Having recently discovered a personal fascination with religious painting, I've consequently taken to studying more closely those biblical painters of the past as a measure of my own meagre efforts; and as a foundation upon which to stand in somehow trying to reach beyond what they had to say in speaking visually and spiritually to my own a Post-modern world. If that sounds like quite a mouthful, it is, and the challenge is just as monumental. My own venture into this painting genre was quite tentative and serendipitous. Though I'd painted a montage portrait depicting episodes in the life of Christ years ago, and a single head and shoulders portrait of Christ years before that, I was by no means very knowledgeable or adept at this type of art. I came to it perceiving a surprising paucity of religious depictions of the resurrection, seeing in this a chance to make my own mark using the subject. Today, my fourth (recent) religious painting, a nativity, is nearing completion.
Ironically, what I've found in pursuing my studies of religious art from the past is that my initial perceptions as to the relatively small number of paintings depicting the resurrection was based at least partially on my own ignorance of some very respectable efforts along this line by some very respectable artists. I was aware of one by Piero della Francesca painted in 1450, and dimly aware of another by Matthias Grünewald, the third panel in the Isenheim Altarpiece. Neither was particularly influential. Della Francesca's painting is rather static and uninspiring, Grünewald’s I found to be too melodramatic and demonstrative. Since attempting my own version of this earthshaking event, I've come across a couple more. Without a doubt, my favourite is that painted around 1600 by the Greek/Spanish painter, Domenikos Theotokopoulos, better known as El Greco.
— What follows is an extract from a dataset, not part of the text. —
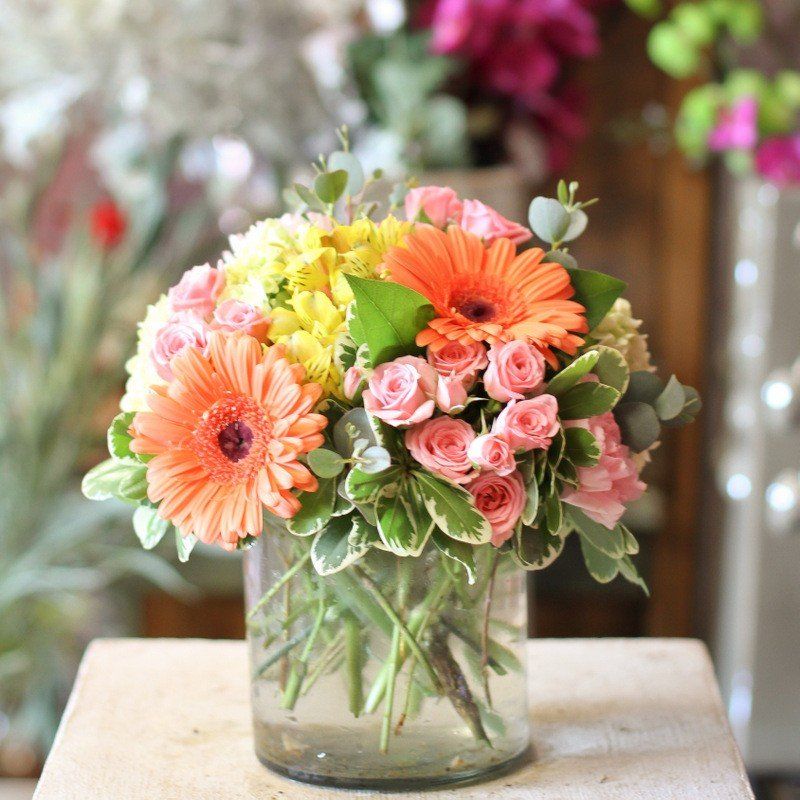 This arrangement from Main Floral is a perfect traditional Mother's Day arrangement featuring gerbera daisies, spray roses, carnations, and alstroemeria. The mixture of beautiful spring colors will certainly brighten Mom's day — you can't go wrong with a classic floral mix like this.
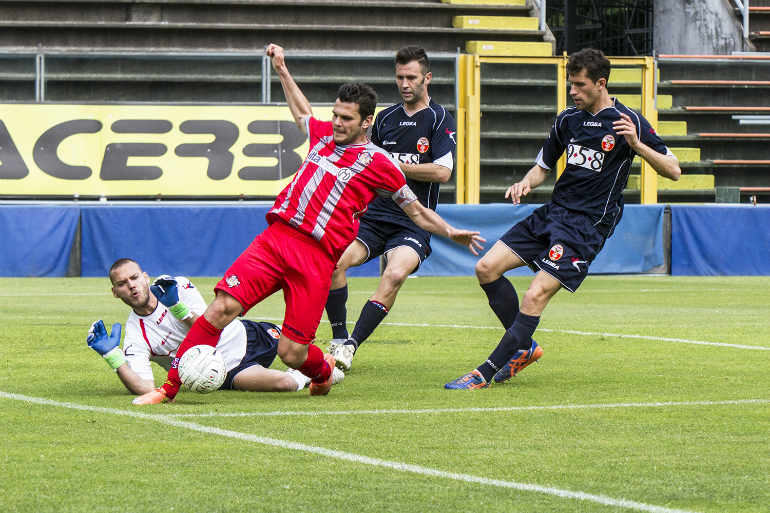 14′ Bianchi si inserisce in area e serve Brighenti da buona posizione. Il bomber grigiorosso sfiora il palo alla sinistra di Tunno. 23′ cross di Crialese dalla sinistra e Brighenti in acrobazia si rende pericoloso ma Tunno interviene. 32′ Diglio da fuori area, Ravaglia salva in corner. 33′ proteste grigiorosso per un fallo al limite di Conrotto su Brighenti ma l’arbitro lascia correre. Poco dopo ci prova Sansovini sul filo del fuorigioco con un pallonetto che scavalca Tunno, ma la palla esce di poco. Il primo tempo finisce 0 a 0.

The nine-foot-tall painting, now housed in Madrid's Prado, is everything I might have aspired to had I ever seen it before doing my own version. In fact, had I seen this one first, I might well have asked, "Why bother?" In it, a life-size, nearly nude Christ strolls weightlessly forward from a writhing mass of semi-nude Roman soldiers seemingly exploding in worshipful ecstasy as they behold his lean, slender, graceful majesty. El Greco's trademark elongated figures further enhance the linear power of this spiritual masterpiece. Bearing a pristine white banner and trailing a brilliant red robe, the figure of Christ is both sensuous and mystical. A diamond-shaped halo breaks with tradition in marking his divinity, not that any such outdated (even for that era) device is necessary. The work is Mannerist in style, heavily influenced by Michelangelo, and prefigures much of what is best from the Baroque era. And, as I suggested earlier, I'm glad I didn’t see it until after I'd completed by own visual statement on the subject.